Unter den Tischen der anderen hindurch kroch der nächste Redner, nur von einigen wenigen Fußtritten belästigt, in Richtung des Pultes. „Ach, wissen Sie, die Hoffnung stirbt immer zuerst.“ begann er, die eidgenössische Beflaggung seines Hutes anscheinend vergessend. „Wir Schweizer halten ja den Rest der Welt ohnehin für total verrückt und hoffnungslos verloren. Das sitzt uns so in der Seele. Der Schweizer wird mit einer großen Verachtung des Krieges und einer lieblichen Zuneigung zum Geld geboren. Der Mensch ist doch nur als Kind wirklich Mensch. Danach wird er zum Raub- oder Beutetier. Wir Schweizer sind Raubtiere. Keine Allesfresser ! Das möchte ich betonen. Wir lauern nicht dem mageren Federvieh auf. Der Schweizer sieht seine Beute gerne gesund und wohlgenährt. Man sagt ja, dass es keinen schmutzigeren Menschen gibt, als den, durch dessen Hände außer Geld nichts anderes geht. Oh, weit gefehlt ! Dies Geld ist bei weitem schmutziger. Und wird bei uns sauberen Schweizern sauber. Sauber wie ein frisches, weißes Tuch in der ersten Frühlingsbrise, meine Damen und Herren. Wie der schneeglänzende Gipfel des Matterhorns.“ Wieder kündigte ein Gong das Ende der knapp bemessenen Redezeit an. „Eines noch. Die Sterbehilfe ist nun für jedermann verfügbar; ausgenommen jener, die wegen zu großer Qualen nicht zurechnungsfähig sind.“ Der Doktor stieß mich in die Seite und feixte, während der Busfahrer und Frau Winter angespannt auf den nächsten Redner starrten. Der deutete mit kurzem Schwung an, den sich entfernenden Schweizer noch verfolgen zu wollen, dass dieser zuckte, und drohte ihm mit erhobener Faust nach. „Eichhorn ernährt sich das Mühsamchen.“ murmelte Frau Winter anerkennend.

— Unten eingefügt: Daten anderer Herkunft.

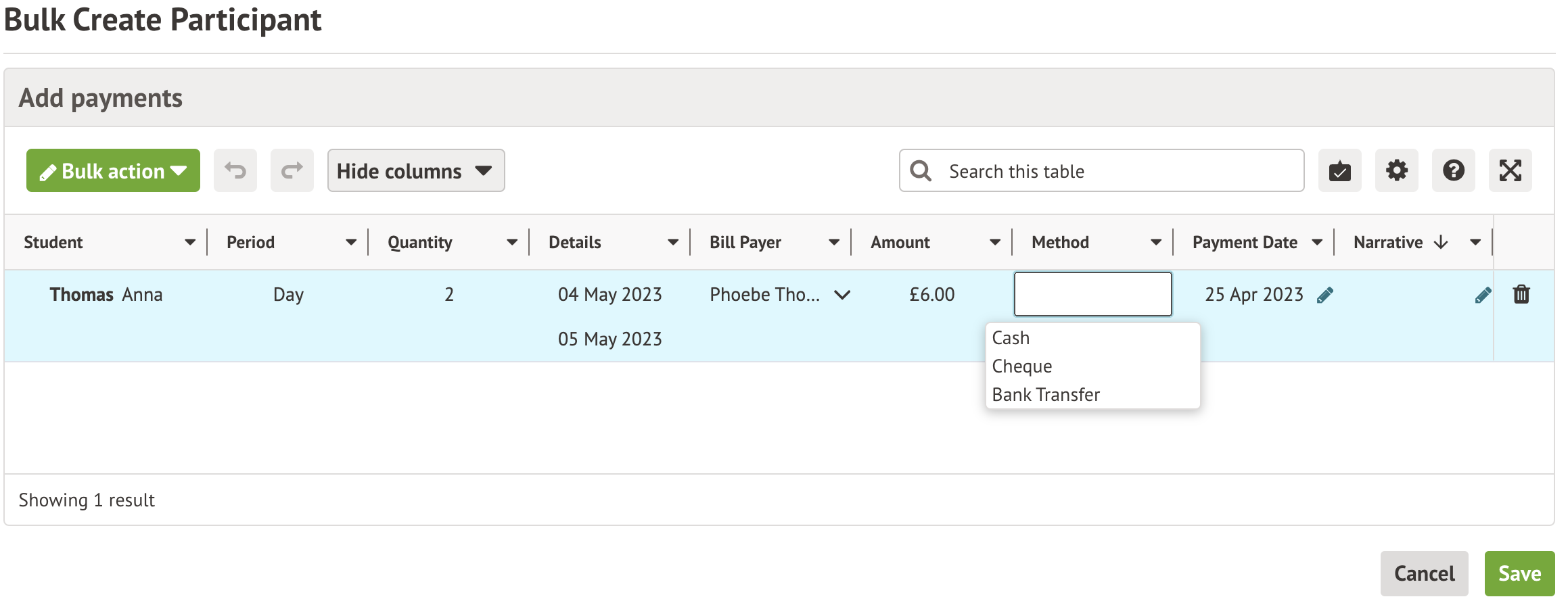 In this instance add the student to the club in the same way as before but leave the Method column blank when on the Bulk Create Participant page. Then instead of Save select Cancel.

„Was in aller Welt geht hier eigentlich vor ?“ begann der neue Redner und warf seine Flagge wütend auf den Boden hinters Pult, sodass sie niemand mehr erkennen konnte. „Ich schäme mich ein Teil dieser Spezies zu sein. Zu den größten Denkleistungen fähig, aber im Inneren so verkommen wie kein anderes Tier auf dem ganzen Planeten. Misstrauen beherrscht alle menschlichen Gesellschaften, alle ! Und es ist angebracht. Oh, es ist angebracht. Der Feind wohnt überall. Auf den anderen Kontinenten, im Nachbarland, in der nächsten Stadt, er wohnt in der Wohnung direkt neben mir !“
„Buh !“ rief Frau Winter laut dazwischen, was den anderen nicht störte, sogleich fortzufahren: „Meine Damen und Herren“, er redete nun leise und eindringlich, „wenn wir so weitermachen wie bisher, ist das Leben auf diesem Planeten in kürzester Zeit Geschichte.“
„Erzähl' uns was neues !“ Zwischenrufe. „Ein ganz Gescheiter !“ Das Publikum brüllte und lachte. Bei Ertönen des Gongs schafften ihn sofort zwei Sicherheitskräfte von der Bühne und hielten ihm dabei mit vereinten Kräften den Mund zu. „Der war komisch.“ meinte der Busfahrer nachdenklich. „Könnte mein Nachbar sein.“ sagte Frau Winter. Nun betraten der Amerikaner und der Chinese die Bühne; Hand in Hand begannen sie eine alte Volksweise zu tanzen. Abwechselnd umklammerten sie sich oder streckten die Arme nach einander aus. Der Amerikaner kniff die Augen und drehte sich unter einem imaginären Schirm, den der Chinese über ihm aufgespannt hatte. Dann flogen Kusshände, die der jeweils andere schmachtend und lächelnd entgegennahm. Zwischendurch warf der Chinese immer wieder seinen großen, breitrandigen, mit Drachen verzierten Cowboyhut in die Luft und tauchte ihm nach, um ihn mit dem Kopf wieder aufzufangen. Dazu sang er mit verblüffend dunkler Stimme: „When I came to Texas“. Jetzt holte der Amerikaner aus und just im Moment des in die Luft geführten Schlages vernahm das entsetzte Publikum einen unfehlbar chinesisch klingenden Gong, worauf die beiden wogend und vor Vergnügen quietschend, aber sanft wie ein lauer Wind, eng umschlungen von der Bühne tanzten. „Meine Fresse.“ sagte Frau Winter nach einer Weile.
Dann stand er knurrend von seinem Platz auf, schob sich die schwarz-rot-goldne Kapitänsbinde am linken Ärmel zurecht, richtete seine Kunstträne und schritt direkt zwischen den Mineralwasserfläschchen über sämtliche Tische hinweg in Richtung der Bühne. Vorn angekommen bewegte er drei Minuten lang stumm die Lippen bis zum Gong. Ein Zuschauer ließ seiner Entrüstung freien Lauf: „Ihr wollt die ehrlichen Politiker sein ? Ihr nutzlosen Halunken, macht endlich was !“
„Was sollen wir tun ? Wir sind doch alle arbeitslos.“ antwortete Frau Winter.